3. ПОЯВЛЕНИЕ В ЦЕРКВИ


   В тот вечер, отправляясь спать, я захватил с собой толковый словарь. Открыл я его существование совсем недавно и радовался, что отныне могу не докучать родителям лишними вопросами. Сейчас он был нужен мне для серьезной цели. Маму расспрашивать не время. Значит, придется обойтись без нее. Когда я вошел к себе в мансарду, комната тонула в темноте, лишь в проеме крохотного оконца белело ясное небо, на котором слабо мерцало несколько звезд. Единственным освещением в мансарде была восковая свеча, стоявшая возле кровати. Я зажег ее и взял словарь; поднеся его к самым глазам, я разыскал слово «банкротство» и попытался вникнуть в его смысл.
   Ветер кренил пламя, и свеча оплывала с одного боку. Мне пришлось вынуть ее из подсвечника и держать в руке. Я несколько раз повторил про себя объяснение словаря и сравнил его с тем, что рассказывал мне отец, но все равно ничего не понял.
   Не прошло и месяца, как я узнал, что гроза над нами все же разразилась. К концу июля отец перестал регулярно ходить на свою фабрику; иногда он по утрам сидел дома, а иногда уходил куда-то с мамой на весь день. В один из таких дней явилась тетя Милли и обнаружила меня одного в саду.
   — Я пришла взглянуть, до чего они тебя довели, — заявила она.
   Я только что кончил играть во французский крикет с соседскими детьми и теперь сидел на складном стуле под своей любимой яблоней. Тетя Милли окинула меня критическим взглядом.
   — Надеюсь, они хоть оставляют тебе еду, — заметила она.
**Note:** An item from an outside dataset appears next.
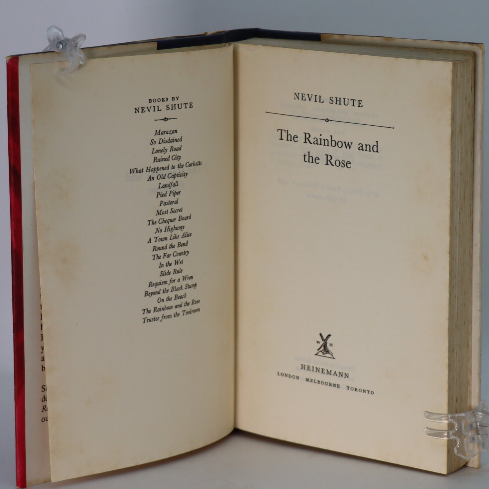 The Rainbow and the Rose is a novel by Nevil Shute. It was first published in England in 1958 by William Heinemann. The story concerns the life of Canadian Johnnie Pascoe, a retired commercial and military pilot, who has crashed while attempting a medevac flight in difficult weather conditions into a small airstrip a mountainous region of Tasmania. Unconscious and suffering from a dangerous head injury, he lies in the house of the child he had been sent to help, which is inaccessible by road and in contact with the outside world only by radio. Hearing of his plight, Ronnie Clarke — an airline pilot and student of Pascoe decades earlier — offers to try and land a young doctor. After two failed flights in one of Pascoe’s own Taylorcraft Auster aircraft from the small flight school Pascoe set up after retirement, Clarke rests overnight at Pascoe’s house, meets Pascoe’s two daughters, and narrates the life of his former mentor through three dream episodes. In the first episode, Pascoe is a young fighter pilot in the Royal Flying Corps during The Great War and marries an up-and-coming actress. At war’s

   — Конечно, — сказал я, но ее заботливые слова больно задели меня.
   Я встал со стула и предложил ей сесть: мама приучила меня твердо следовать правилам этикета, часть которых придумала сама.
   — Я уже выросла из детского возраста, могу и постоять, — решительно отклонила мое предложение тетя Милли и уставилась на меня таким странным взглядом, что мне стало не по себе. — Сообщили они тебе новость? — спросила она.
   Я попытался увильнуть от ответа, но она подвергла меня допросу с пристрастием, и, повесив нос, я признался: да, мне известно, что у отца неприятности.
   — Не думаю, чтобы тебе это было известно, — заявила она. — Ведь в вашем доме все не как у людей. Может, мне и не следовало бы тебе это говорить, но уж лучше узнай все сразу.
   Я смотрел на нее со страхом и ненавистью, я готов был умолять ее, чтобы она ничего не говорила. Но она жестко произнесла:
   — Отец твой обанкротился.
   Я молчал. Передо мной посреди сада стояла тетя Милли — большая, грузная, шумная. Волосы ее при ярком солнечном свете казались желтыми, как песок. Среди цветов жужжала пчела.
   — Да, тетя Милли, — выдавил я наконец из себя. — Я слышал о том, что отцу придется… объявить о банкротстве.
   А тетя Милли неумолимо продолжала:
   — Это означает, что он не в состоянии вернуть долги. А должен он шестьсот фунтов! Может, мне и не следовало бы тебе это говорить, но, видишь ли, вернуть он сможет не более двухсот.
   Мне эти суммы представлялись целым состоянием.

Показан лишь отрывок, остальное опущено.